A discussion on Internet values was based on the work that the dynamic coalition has been doing since 2009. Mr Sivasubramanian Muthusamy (President, Internet Society India Chennai) spoke of what a valuable Internet should be: global (The Internet should be a global medium open to all), interoperable (An interoperable ecosystem that does not rely on one single type of underlying technology, whether on the physical or applicational level.), pen (All service, application, and data types should be allowed on the Internet, and the Internet’s core architecture should be based on open standards.),ree ​(Free from any kind of centralized control.)end-­to-­end (Application-specific features reside in the communicating end nodes of the network.), ser-centric (End users should maintain full control over the type of information, applications, and services they want to share and access.),

robust and reliable (The interconnected nature of the Internet and its dense mesh of networks have made it robust and reliable.)

These technical and architectural values should also be reflected in Internet governance. Security measures which are contrary to core Internet values, need to be temporary and transitory.

Mr Vint Cerf (Internet Pioneer) related these Internet values to six desirable properties of IoT, namely, reliability, security (integrated software updates, defence against abuse and access control), safety, accessibility, affordability, and sustainability (maintenance by manufacturers should be provided during the device's lifespan). He also pointed out that the IoT needs to be able to operate even when the Internet connection is cut.

The discussion turned toward the responsibility of applying Internet values and ethical standards to the IoT. A combination of the following two approaches is necessary.

●   Taking proportional responsibility by every stakeholder, including users: There cannot be a user-centric Internet without some level of user responsibility. IoT needs to be secured when it comes to the market, and its purpose of the use is important. This is because inappropriate use of IoT devices can cause ethical dilemmas and undermine Internet values. A responsible use of IoT requires capacity-building programmes intended for users. As Cerf mentioned, permissionless innovation does not mean irresponsible innovation.

 ●      Adopting appropriate legislation: Depending on the type of IoT, there are different levels of legislation involved. In some IoT, like the automotive industry, the situation is heavily regulated. Other industries, like that of consumer products, lack regulation. Many countries have started legislating on data protection and privacy; however, the lack of harmonisation among these different legislations poses challenges to their enforcement. Indirect regulation has also an impact on IoT and Internet standards. Such an example is the influence of governments setting procurement policies on the IoT market.

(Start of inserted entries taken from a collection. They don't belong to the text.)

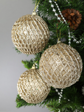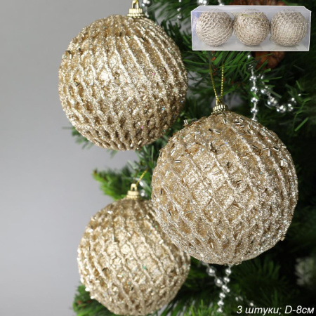Новогоднее украшение Шары 3 штуки 8 см / WF-183 /уп 128/золото 3 фото
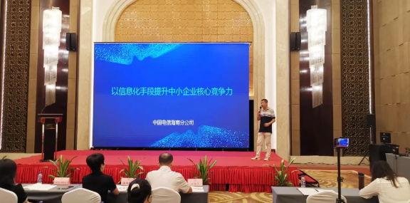 會上,中國電信海南公司、中興通信、海南省通信產業服務有限公司、深圳盛陽科技股份有限公司等相關負責人分別就可為中小企業提供的信息化產品進行了分享。現場通過視頻以及產品演示的方式,向參會代表介紹了現階段國家鼓勵中小企業信息化轉型的大方向以及5G時代帶來的現代技術發展浪潮。
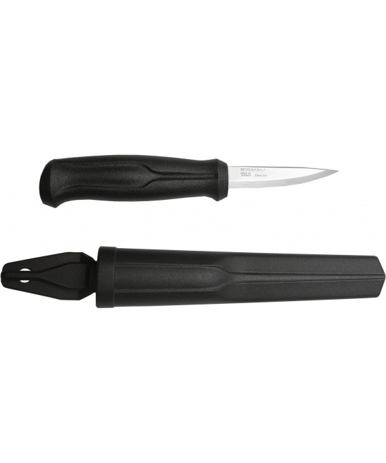 dvoubřitý řezbářský nůž ze světoznámé švédské produkce v oblasti Mora používaný při výrobě švédského národního symbolu koně Dala čepel je vyrobena ze švédské nerezové oceli válcované za studena a kalené na HRC 56,5 ostří je odolnější proti opotřebení vrchní hrana čepele není leštěna tvarovaná rukojeť s prolisem je vyrobená z odolného plastu černé barvy a je odolná proti skluzu plastové pouzdro černé barvy pouzdro je snadno omyvatelné, otvor ve špičce pouzdra usnadňuje odtok plastové poutko na opasek
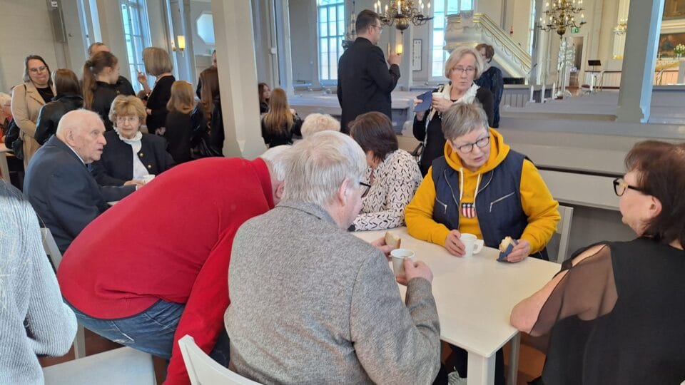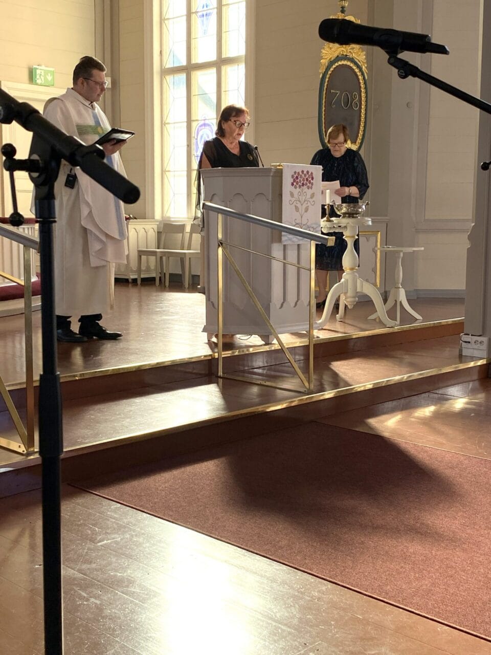 Yhdistyksemme jäseniä oli palvelemassa, toivottamassa tervetulleiksi, kolehtia kantamassa, lukemassa päivän tekstit ja rukouksen, sekä kahvitarjoilusta vastaten. Tekstin lukijoina Riitta Laasonen ja Raija Ypyä-Saarenpää.
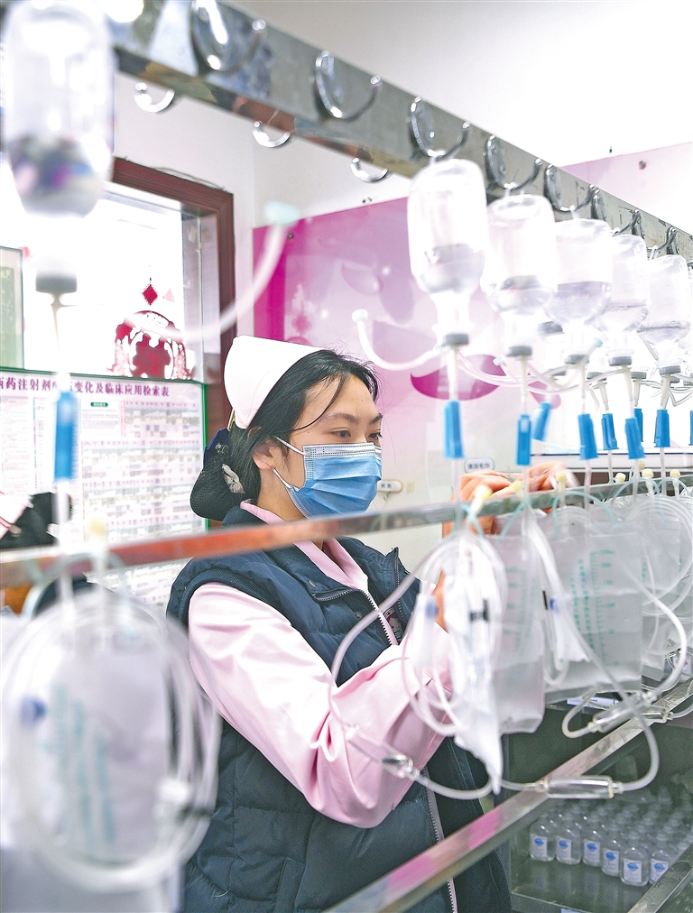 图为自治区人民医院门诊医护人员在操作输液装置。本报记者 洛桑 摄
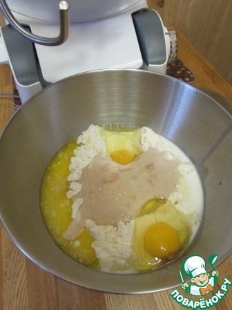 Дрожжи распустить в небольшом количестве молока, около 50 мл. Добавить сахар. -
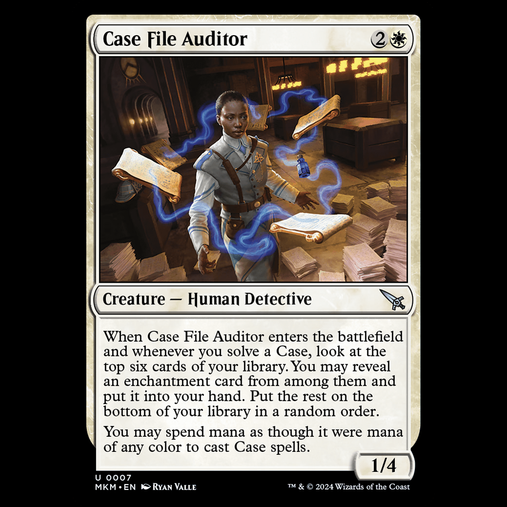 When Case File Auditor enters the battlefield and whenever you solve a Case, look at the top six cards of your library. You may reveal an enchantment card from among them and put it into your hand. Put the rest on the bottom of your library in a random order.
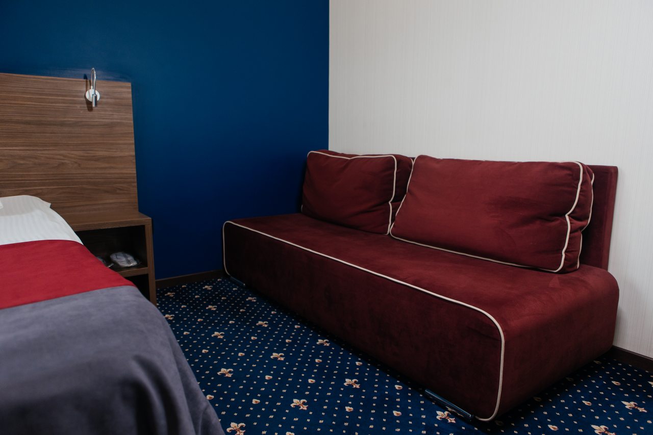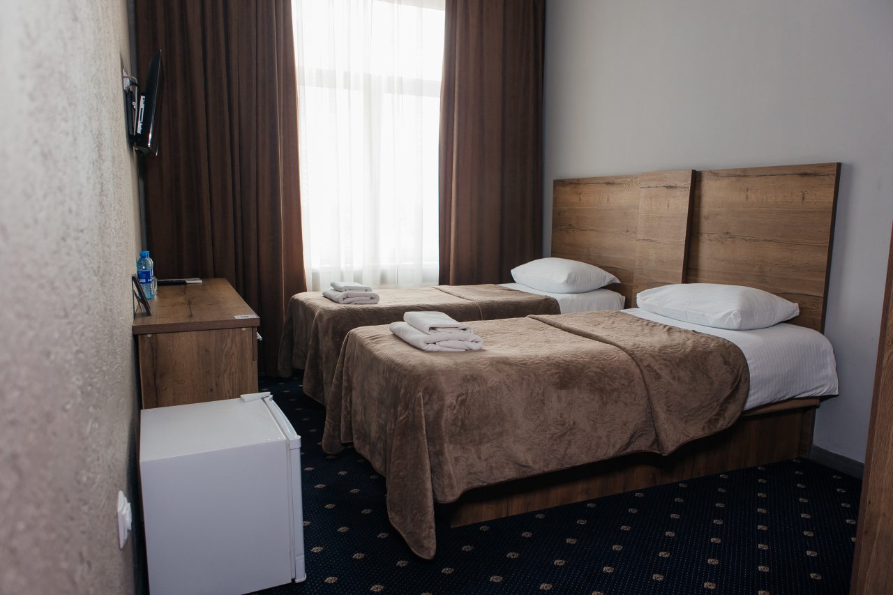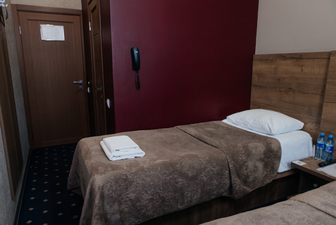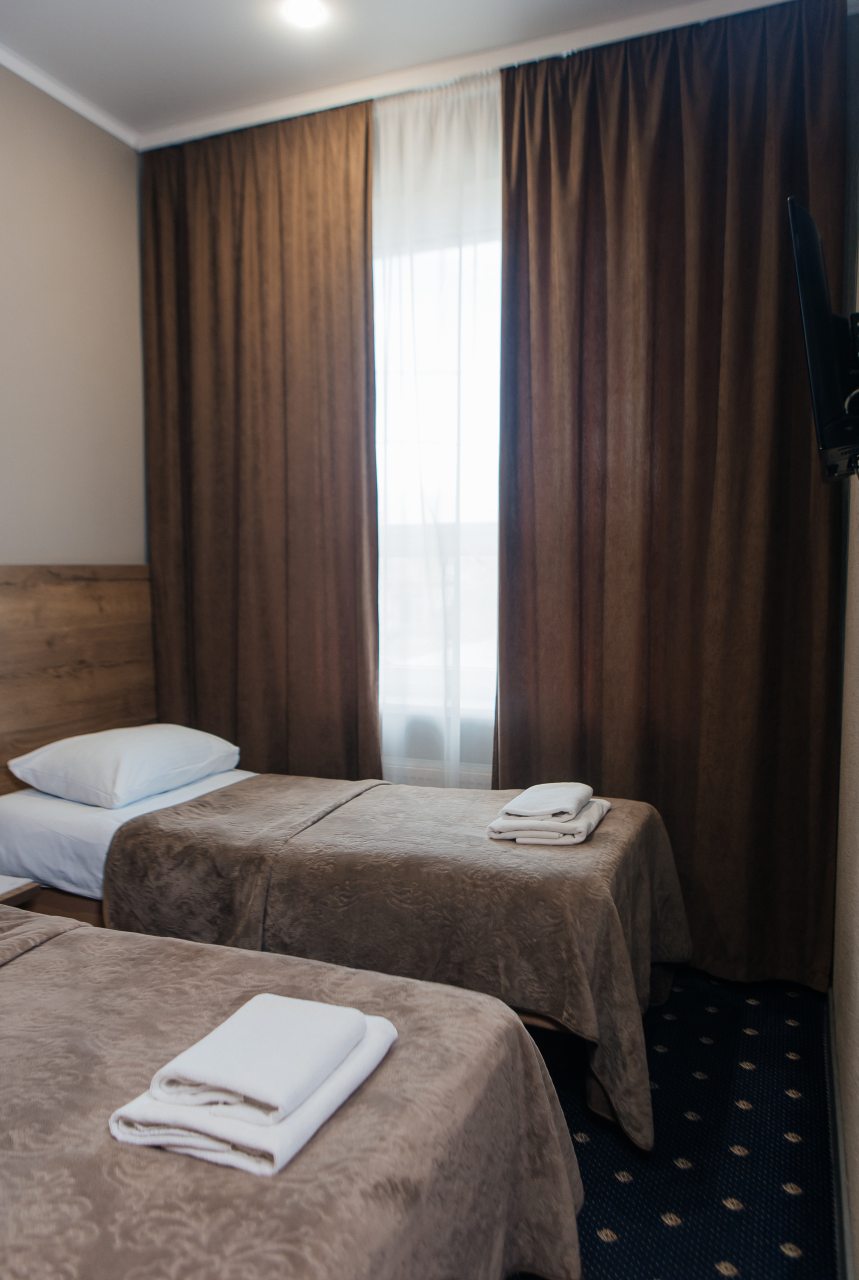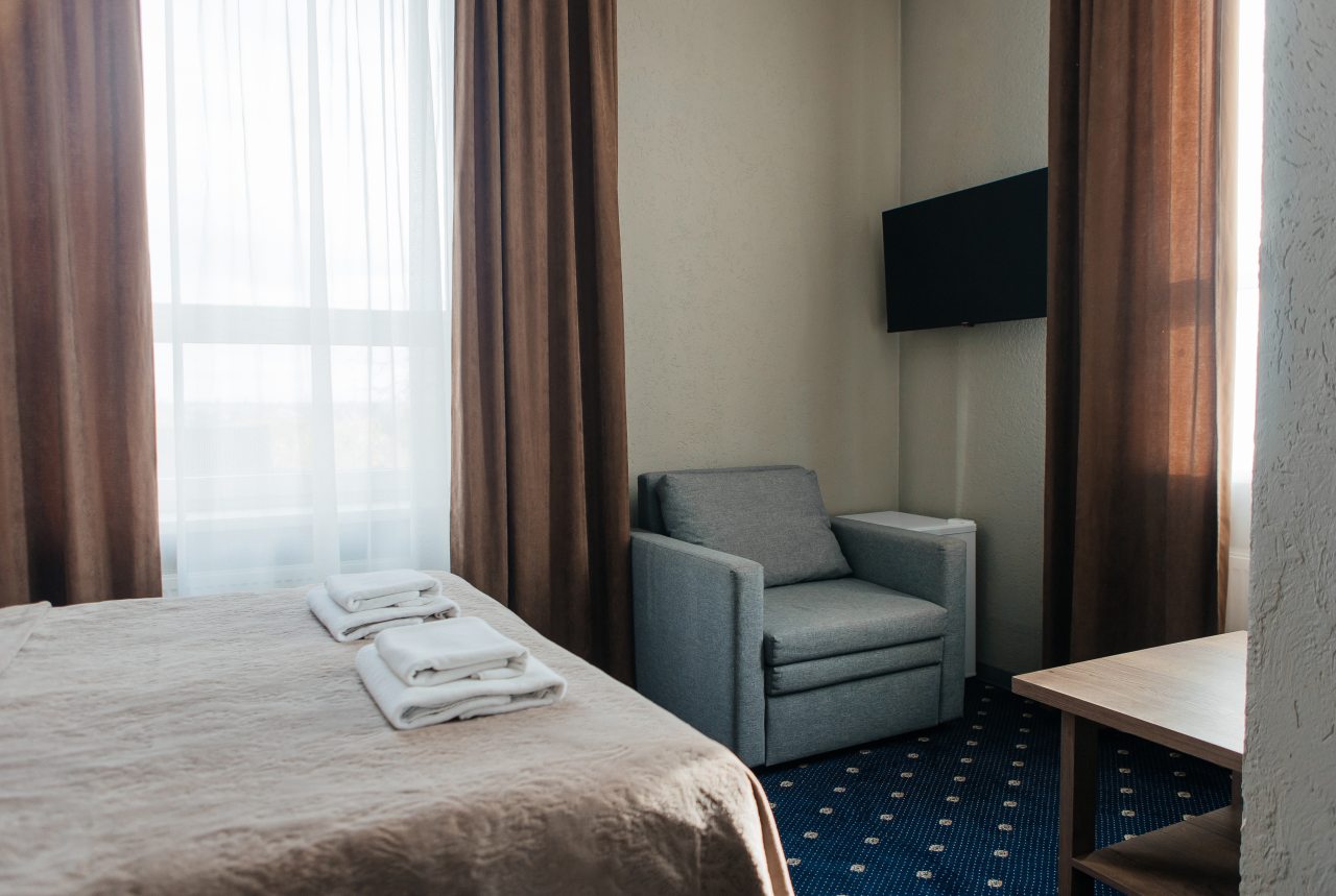 в номер. Номер небольшой, но всё есть: телевизор, сплит-система, удобные кровати, постельное хорошего качества. Завтрак входил в оплату. В меню было 2 вида каши, колбаса, сыр и масло. Всё съедобное. Отдельное спасибо хозяйке столовой. Очень вежливо встретила, сделала

Speaking of the necessity to harmonise IoT rules on the global level, Mr Jimson Olufuye (CEO Kontemporary, Africa ICT Alliance, Nigeria) stated that there is a need for a global framework. He suggested that the United Nations Commission on Science and Technology for Development (CSTD), as a subsidiary body of the Economic and Social Council (ECOSOC), would be the right forum to prepare IoT recommendations which could then move on to become a treaty at the level of the UN General Assembly. He emphasised the possibility of equal co-operation in this setting. Other participants voiced concerns about the slow progress within the UN structure and the uncertain outcomes.

Based on the number of issues which cannot be answered from only one perspective or country, Mr Alejandro Pisanty (UNAM, Mexico) presented a summary of the 6F Framework for Internet Effects Proposal with a request for comments. Pisanty explained that the purpose of this proposal was mapping online and offline conduct through a method of ‘removing the Internet’ from every online issue. 

The Internet effects include mass scaling (effects of an action are multiplied online); identity and anonymity (it is easier to keep anonymity online); a trans-jurisdictional effect (involving several countries makes it difficult to attribute and prosecute attacks); barrier lowering (it is easier to be involved); friction reduction; and memory and forgetting (increasing memory for humankind to access larger amounts of information).